**Problem details:** Beneath this line are entries. Copy the range from the line with "كتاب الأسفار المقدسة" to the line with "クッションカバー シンプル おしゃれ", ends included, exactly; leave pictures out.

**Extracted records:**
---
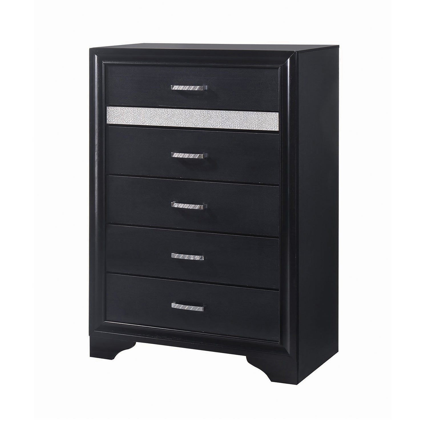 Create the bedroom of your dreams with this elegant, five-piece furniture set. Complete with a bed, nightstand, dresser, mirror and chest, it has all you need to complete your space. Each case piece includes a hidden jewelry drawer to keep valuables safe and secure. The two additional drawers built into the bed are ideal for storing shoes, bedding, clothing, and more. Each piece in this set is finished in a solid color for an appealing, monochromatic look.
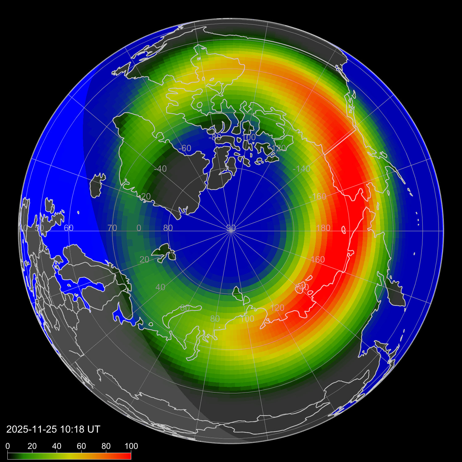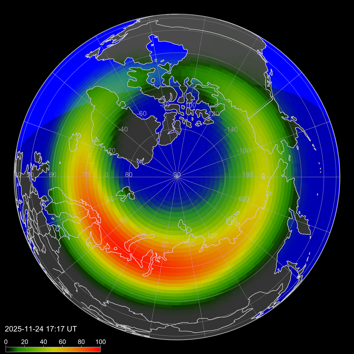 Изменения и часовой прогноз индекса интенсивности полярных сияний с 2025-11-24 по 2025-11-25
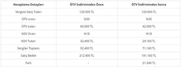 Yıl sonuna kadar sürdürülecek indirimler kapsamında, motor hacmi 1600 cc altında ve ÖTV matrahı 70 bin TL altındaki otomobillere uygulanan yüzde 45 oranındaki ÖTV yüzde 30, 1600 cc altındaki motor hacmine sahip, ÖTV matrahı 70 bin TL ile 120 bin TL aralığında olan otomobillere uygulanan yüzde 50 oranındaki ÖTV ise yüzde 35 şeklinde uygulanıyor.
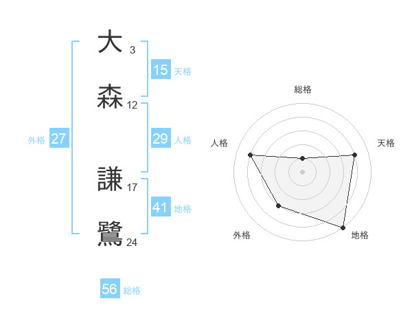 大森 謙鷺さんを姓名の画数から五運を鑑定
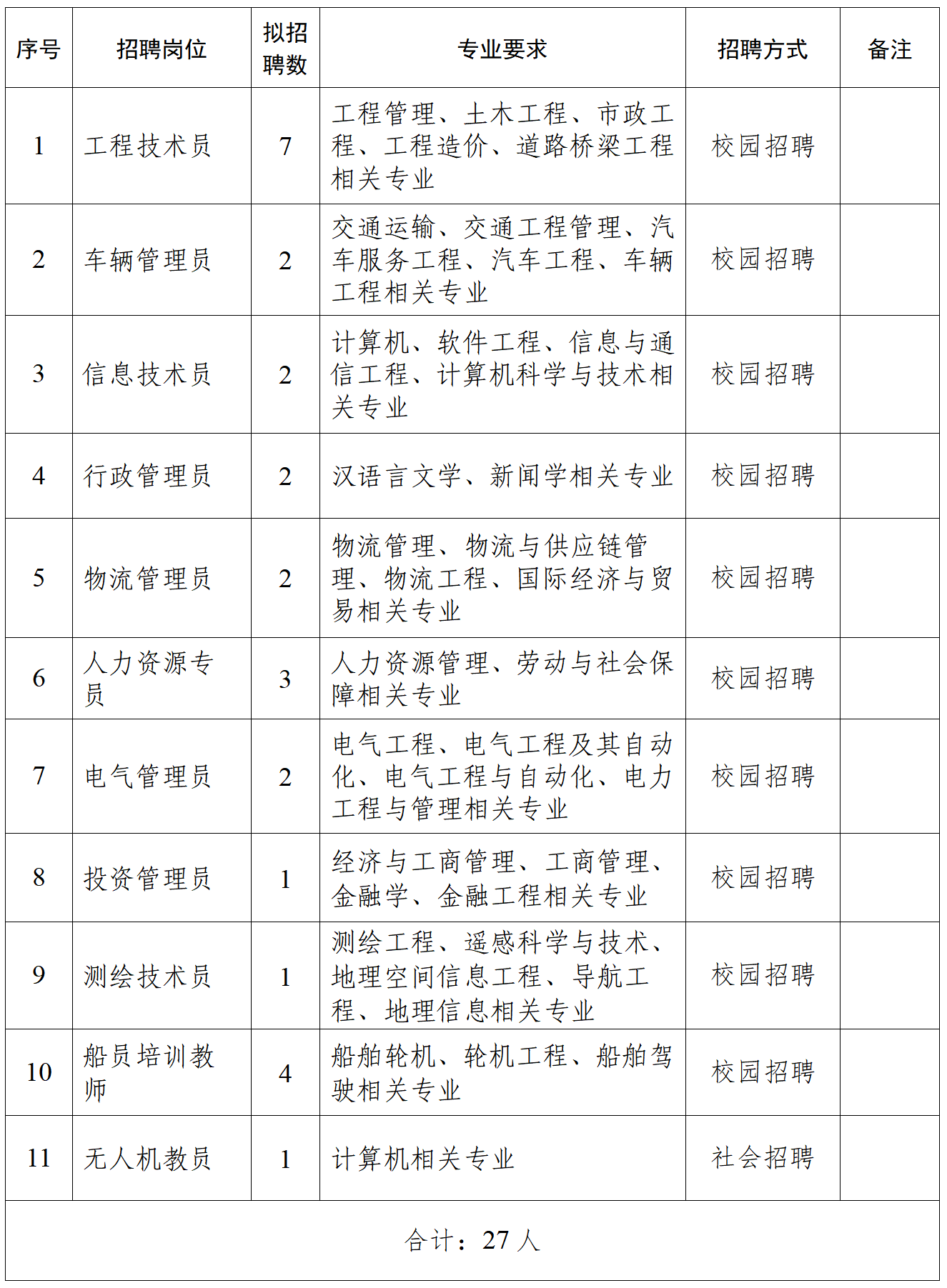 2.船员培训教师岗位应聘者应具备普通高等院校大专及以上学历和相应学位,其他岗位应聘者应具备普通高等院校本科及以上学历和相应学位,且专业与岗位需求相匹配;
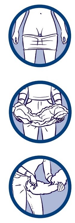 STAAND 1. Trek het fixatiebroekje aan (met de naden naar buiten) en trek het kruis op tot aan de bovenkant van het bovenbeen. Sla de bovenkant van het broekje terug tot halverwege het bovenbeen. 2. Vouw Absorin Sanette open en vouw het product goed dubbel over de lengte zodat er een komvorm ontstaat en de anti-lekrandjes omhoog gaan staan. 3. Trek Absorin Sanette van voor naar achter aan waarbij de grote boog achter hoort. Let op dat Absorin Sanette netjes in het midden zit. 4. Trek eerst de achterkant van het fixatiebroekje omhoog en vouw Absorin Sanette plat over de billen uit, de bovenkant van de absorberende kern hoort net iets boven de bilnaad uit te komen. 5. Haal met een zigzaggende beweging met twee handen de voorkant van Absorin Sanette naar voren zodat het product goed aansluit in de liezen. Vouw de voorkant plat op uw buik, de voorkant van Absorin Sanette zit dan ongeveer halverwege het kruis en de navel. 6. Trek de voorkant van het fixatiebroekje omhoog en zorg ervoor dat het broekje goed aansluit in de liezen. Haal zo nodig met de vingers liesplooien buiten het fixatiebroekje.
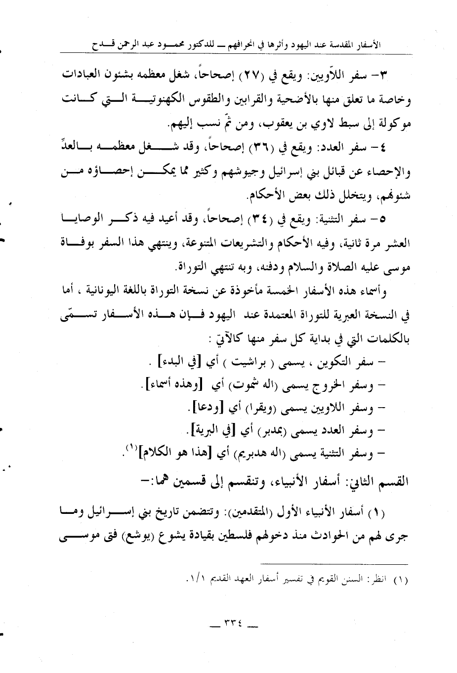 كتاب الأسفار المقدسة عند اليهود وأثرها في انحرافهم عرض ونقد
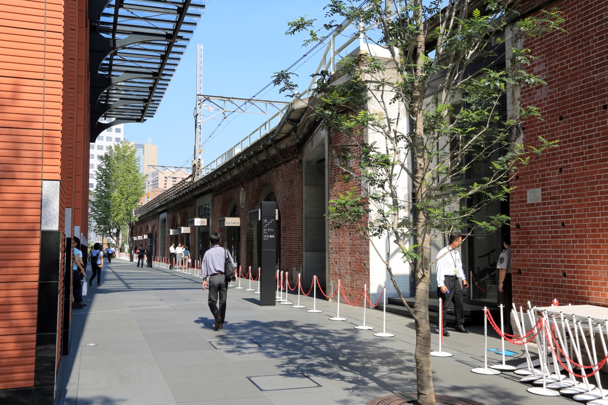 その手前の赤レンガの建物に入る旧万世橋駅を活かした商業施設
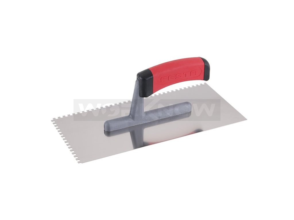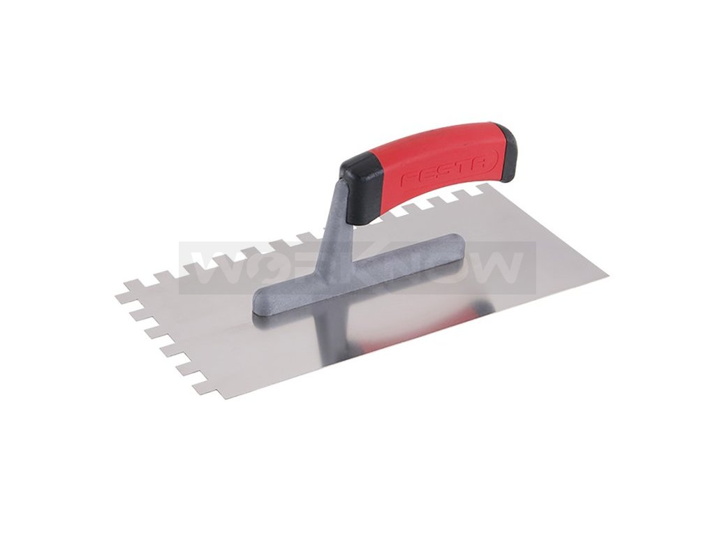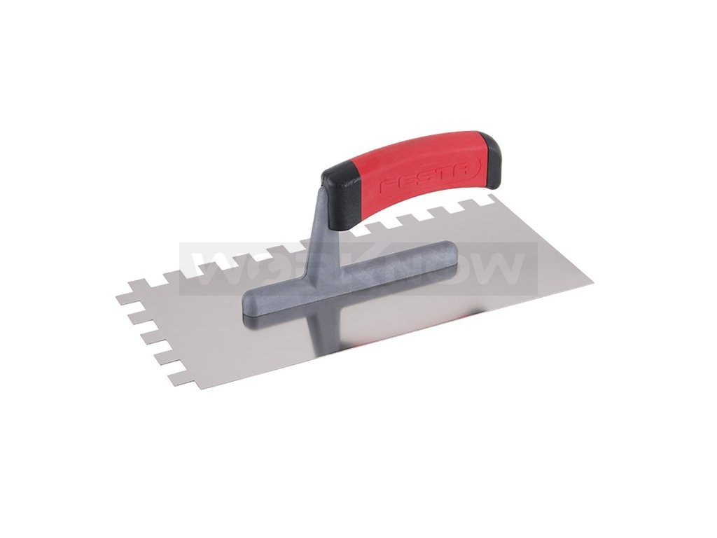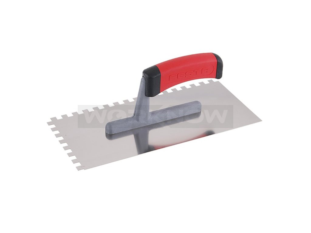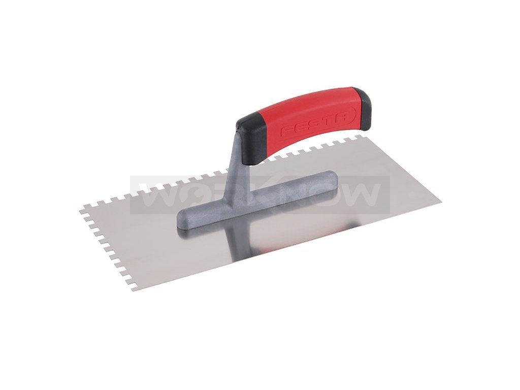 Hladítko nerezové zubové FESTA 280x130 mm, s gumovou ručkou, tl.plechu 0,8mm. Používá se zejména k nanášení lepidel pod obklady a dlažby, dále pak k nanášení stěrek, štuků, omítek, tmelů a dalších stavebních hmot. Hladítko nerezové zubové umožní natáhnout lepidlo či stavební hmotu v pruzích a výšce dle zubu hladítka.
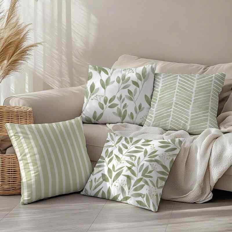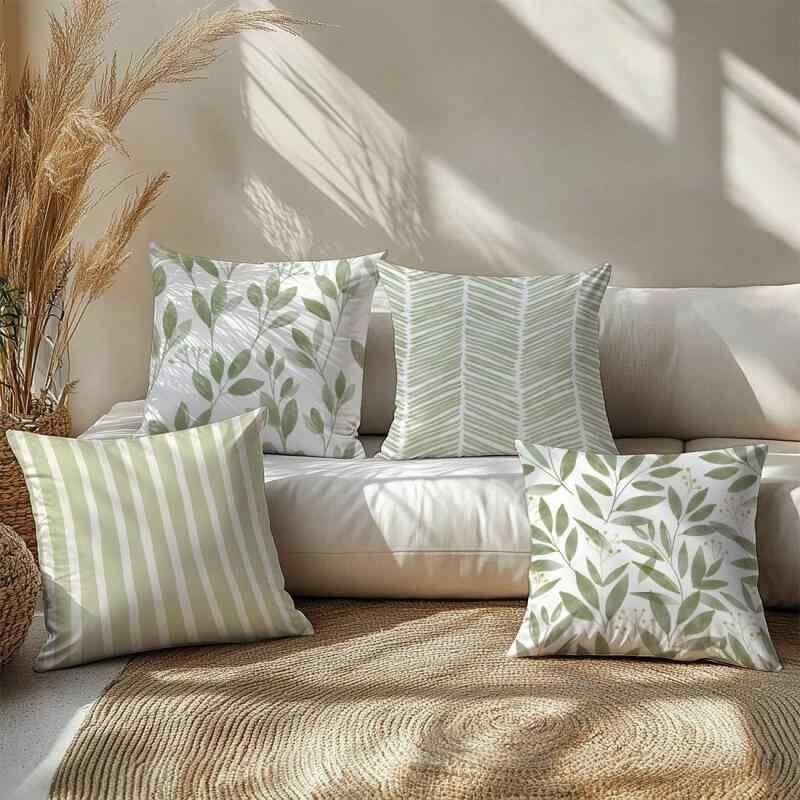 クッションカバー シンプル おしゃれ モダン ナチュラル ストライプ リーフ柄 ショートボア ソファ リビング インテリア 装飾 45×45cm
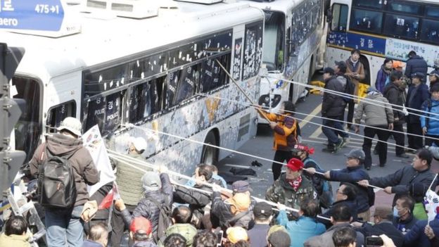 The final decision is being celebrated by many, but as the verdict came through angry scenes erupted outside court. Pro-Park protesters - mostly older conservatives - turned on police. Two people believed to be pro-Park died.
---
**Answer box:**
 كتاب الأسفار المقدسة عند اليهود وأثرها في انحرافهم عرض ونقد
 その手前の赤レンガの建物に入る旧万世橋駅を活かした商業施設
 Hladítko nerezové zubové FESTA 280x130 mm, s gumovou ručkou, tl.plechu 0,8mm. Používá se zejména k nanášení lepidel pod obklady a dlažby, dále pak k nanášení stěrek, štuků, omítek, tmelů a dalších stavebních hmot. Hladítko nerezové zubové umožní natáhnout lepidlo či stavební hmotu v pruzích a výšce dle zubu hladítka.
 クッションカバー シンプル おしゃれ モダン ナチュラル ストライプ リーフ柄 ショートボア ソファ リビング インテリア 装飾 45×45cm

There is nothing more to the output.